ACTION ITEM: Below are lines of records; copy exactly those from the one containing "ただ、今年度は、8000万円" through the one containing "Batte cassée des", leaving the pictures behind.

DATA RECORDS:
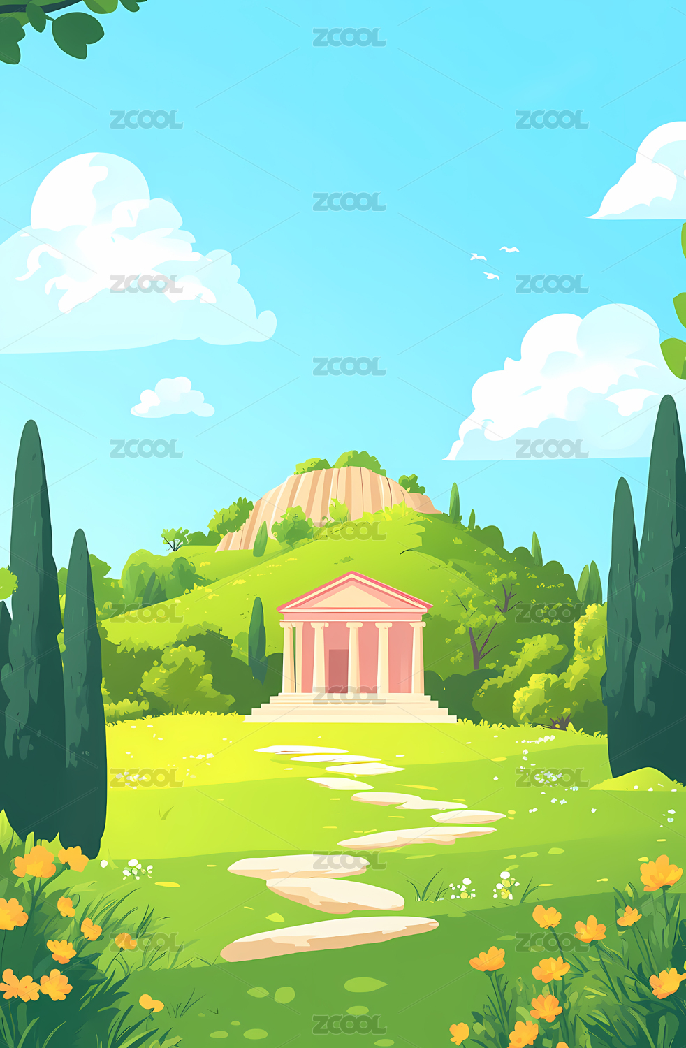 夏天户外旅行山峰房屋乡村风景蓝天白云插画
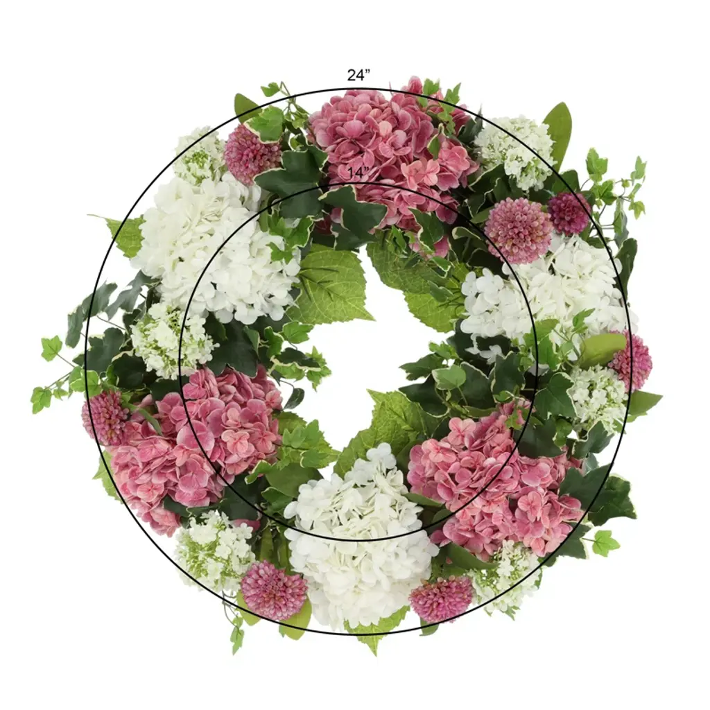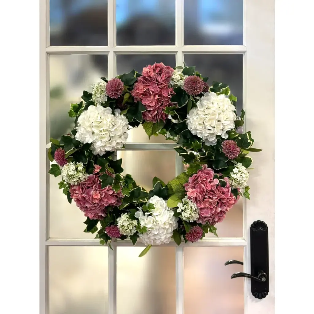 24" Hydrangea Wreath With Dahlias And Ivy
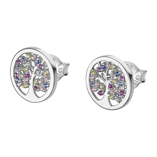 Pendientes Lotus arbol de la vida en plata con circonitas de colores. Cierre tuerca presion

* * *

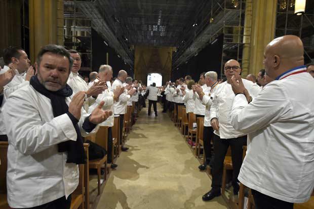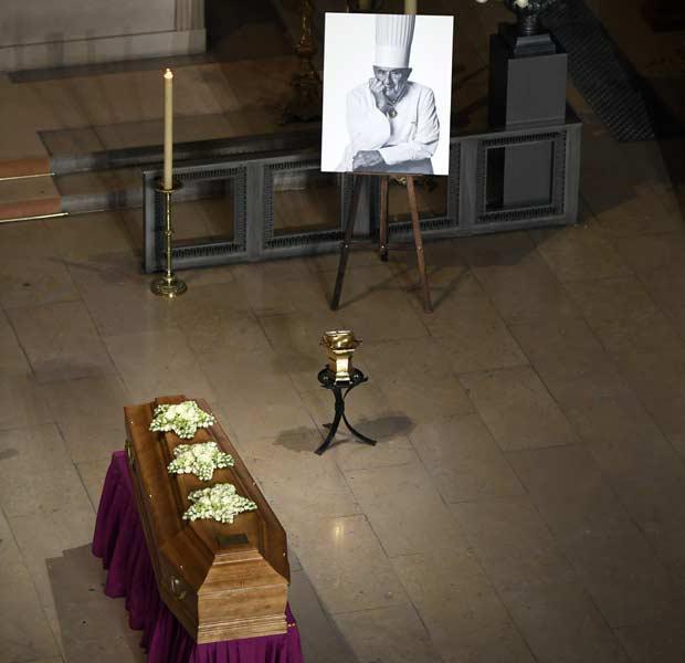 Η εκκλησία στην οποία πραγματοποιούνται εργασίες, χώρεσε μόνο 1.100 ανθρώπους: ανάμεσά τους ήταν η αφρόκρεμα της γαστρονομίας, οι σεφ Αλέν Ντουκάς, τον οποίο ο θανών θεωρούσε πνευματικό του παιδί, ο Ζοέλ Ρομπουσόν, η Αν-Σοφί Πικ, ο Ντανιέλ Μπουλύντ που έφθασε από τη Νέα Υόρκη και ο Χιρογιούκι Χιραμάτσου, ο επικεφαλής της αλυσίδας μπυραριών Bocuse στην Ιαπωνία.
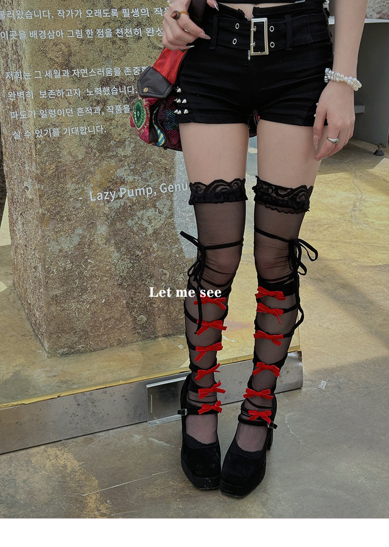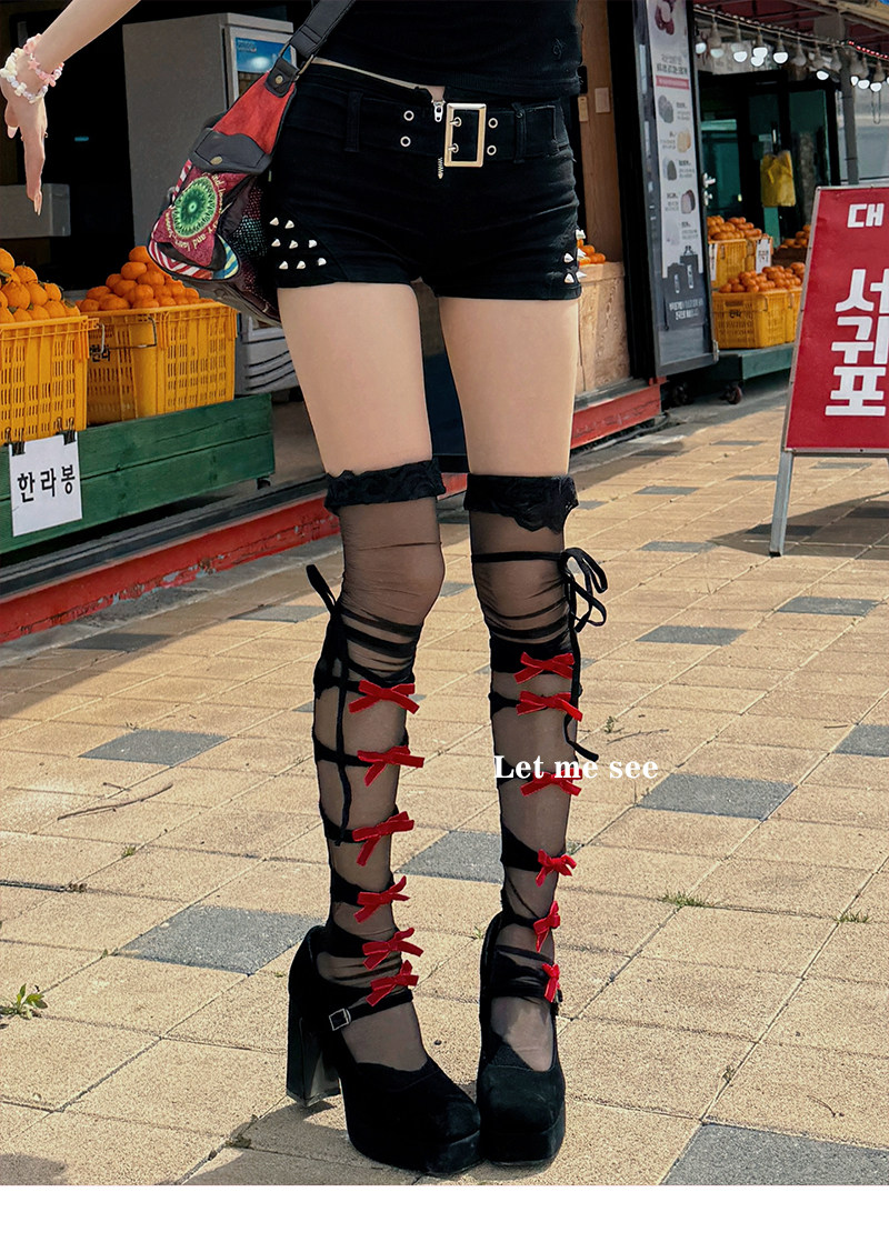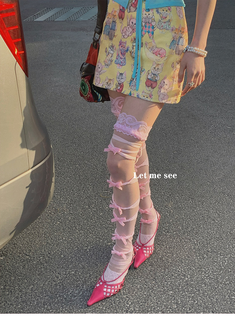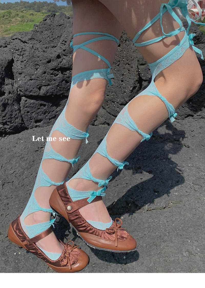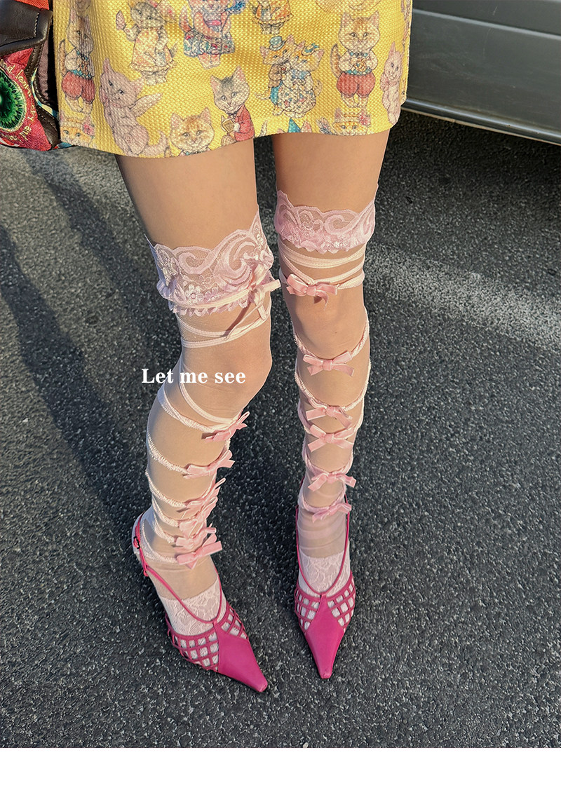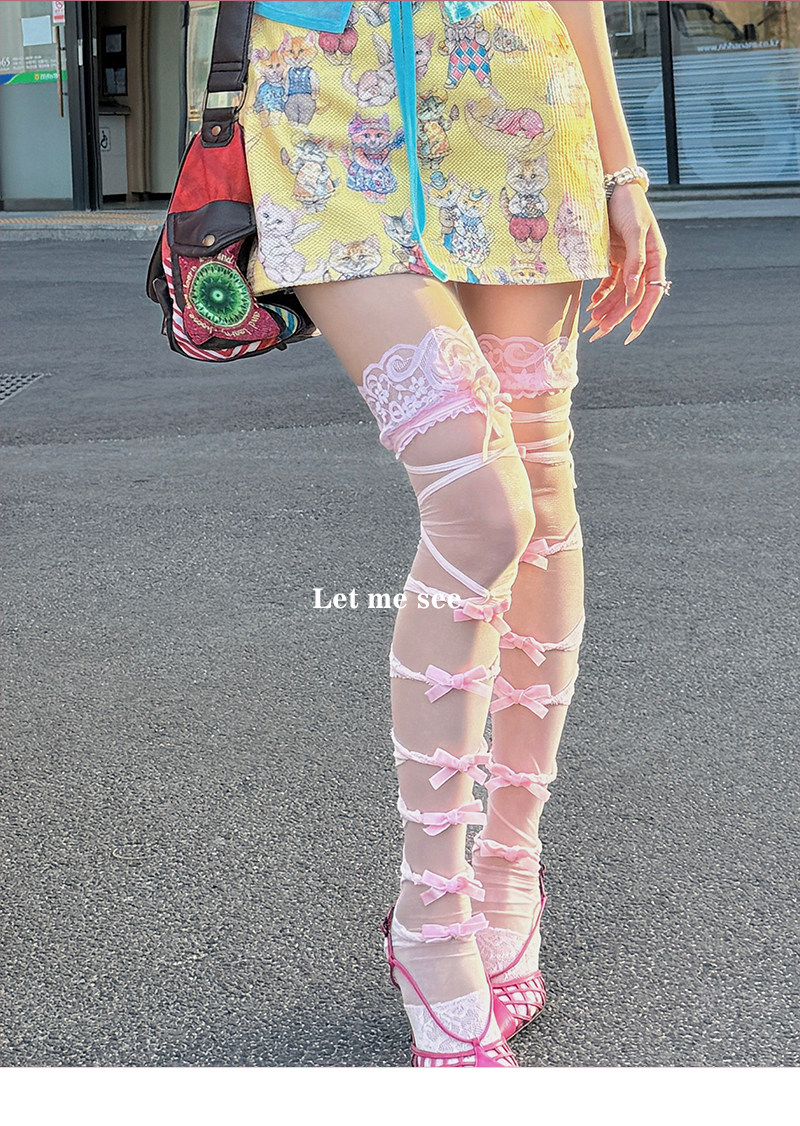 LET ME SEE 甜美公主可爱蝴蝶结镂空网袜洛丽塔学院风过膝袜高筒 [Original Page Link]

...

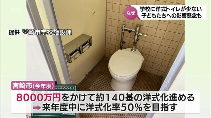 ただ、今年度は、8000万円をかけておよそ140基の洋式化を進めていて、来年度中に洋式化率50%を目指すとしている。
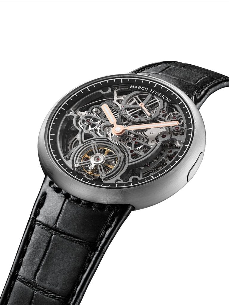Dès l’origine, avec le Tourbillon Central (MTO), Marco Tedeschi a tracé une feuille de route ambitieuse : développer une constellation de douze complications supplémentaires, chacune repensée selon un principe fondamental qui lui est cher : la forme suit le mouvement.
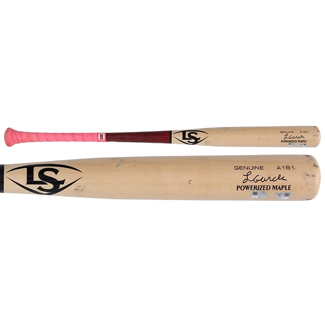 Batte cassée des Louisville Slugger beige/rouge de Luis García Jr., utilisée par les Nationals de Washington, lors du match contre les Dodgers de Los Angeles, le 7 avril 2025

SOLUTION FOR THIS PROBLEM:
 ただ、今年度は、8000万円をかけておよそ140基の洋式化を進めていて、来年度中に洋式化率50%を目指すとしている。
Dès l’origine, avec le Tourbillon Central (MTO), Marco Tedeschi a tracé une feuille de route ambitieuse : développer une constellation de douze complications supplémentaires, chacune repensée selon un principe fondamental qui lui est cher : la forme suit le mouvement.
 Batte cassée des Louisville Slugger beige/rouge de Luis García Jr., utilisée par les Nationals de Washington, lors du match contre les Dodgers de Los Angeles, le 7 avril 2025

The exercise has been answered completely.